Collected data
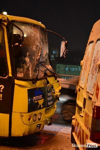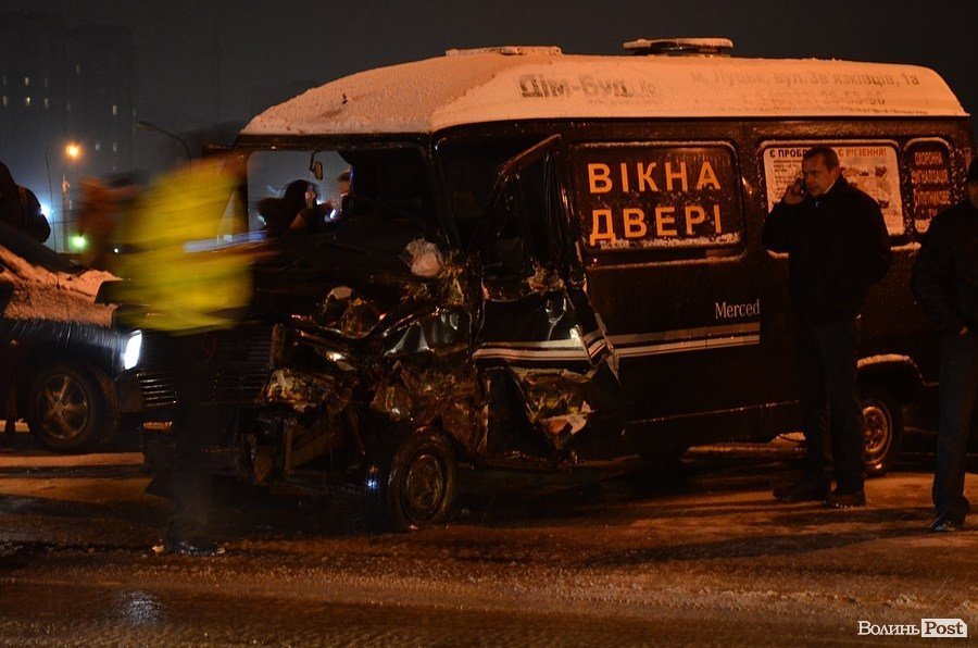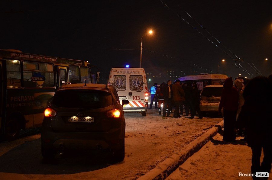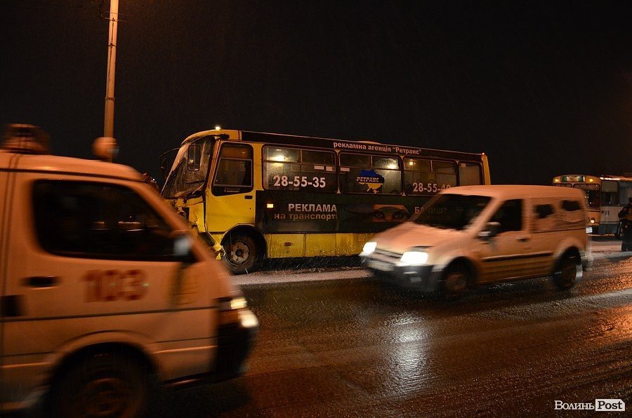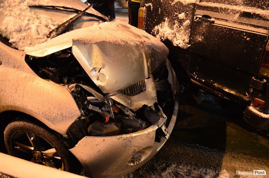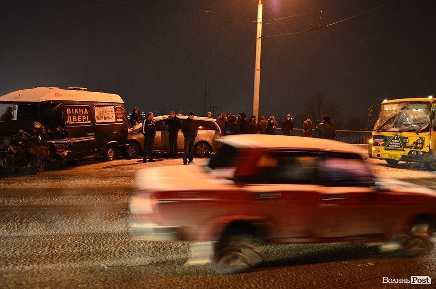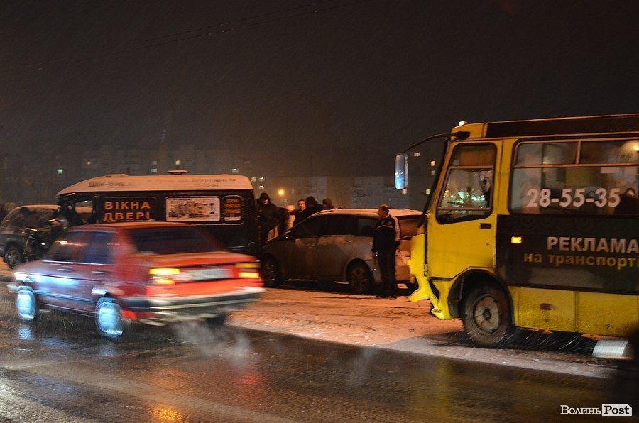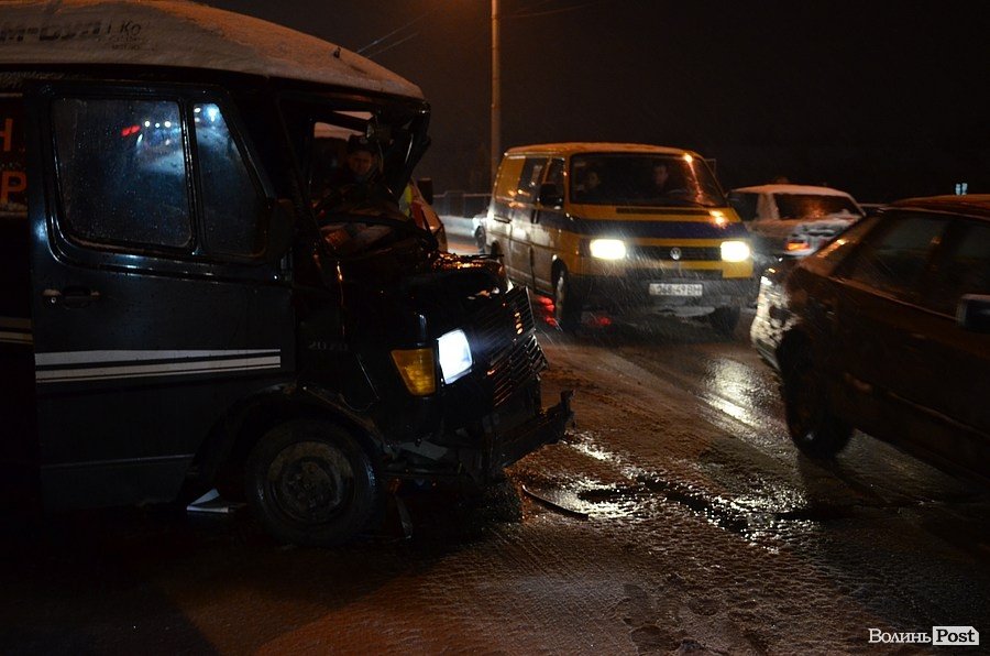 Аварія у Луцьку: через слизоту зіткнулися мікроавтобус, маршрутка і легковик. ФОТО
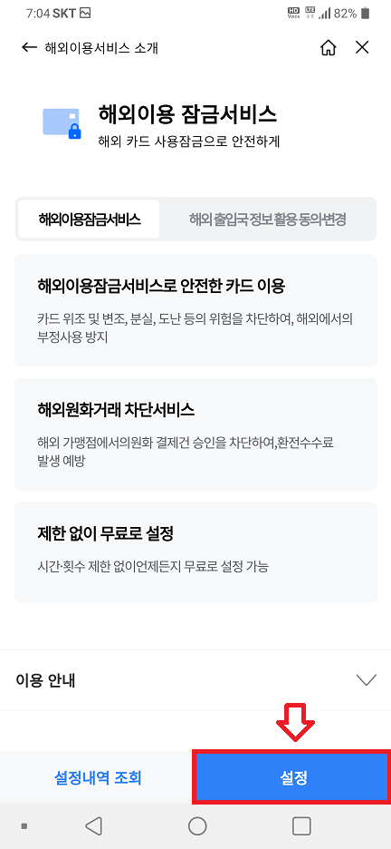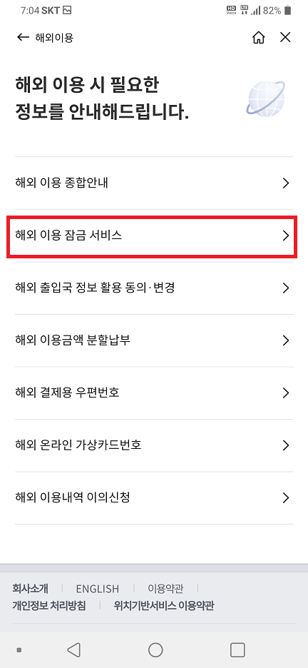 3. 스크롤을 내려서 해외이용 > 해외 이용잠금 서비스를 클릭합니다.
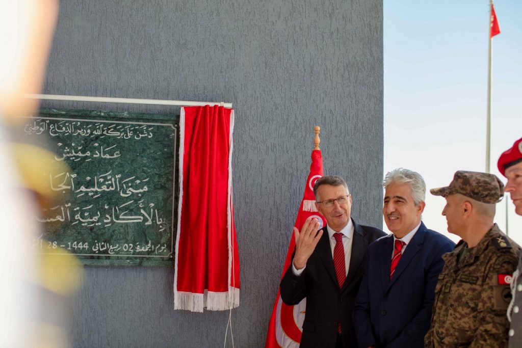 أشرف السفير الألماني بيتر بروغل صحبة عماد مميش وزير الدفاع التونسي يوم الجمعة 28 أكتوبر 2022 على الإفتتاح الرّسمي للمبنى التعليمي الجامعي بالأكاديمية العسكرية بفندق الجديد من ولاية نابل.
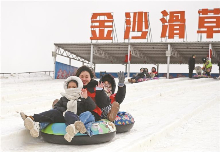 志愿者与孩子们玩冰乐雪。

What you need to do
The result is an exact copy of the lines from the one holding "أشرف السفير الألماني" through the final line of the data above, both ends included, minus the pictures.

Result of the task
 أشرف السفير الألماني بيتر بروغل صحبة عماد مميش وزير الدفاع التونسي يوم الجمعة 28 أكتوبر 2022 على الإفتتاح الرّسمي للمبنى التعليمي الجامعي بالأكاديمية العسكرية بفندق الجديد من ولاية نابل.
 志愿者与孩子们玩冰乐雪。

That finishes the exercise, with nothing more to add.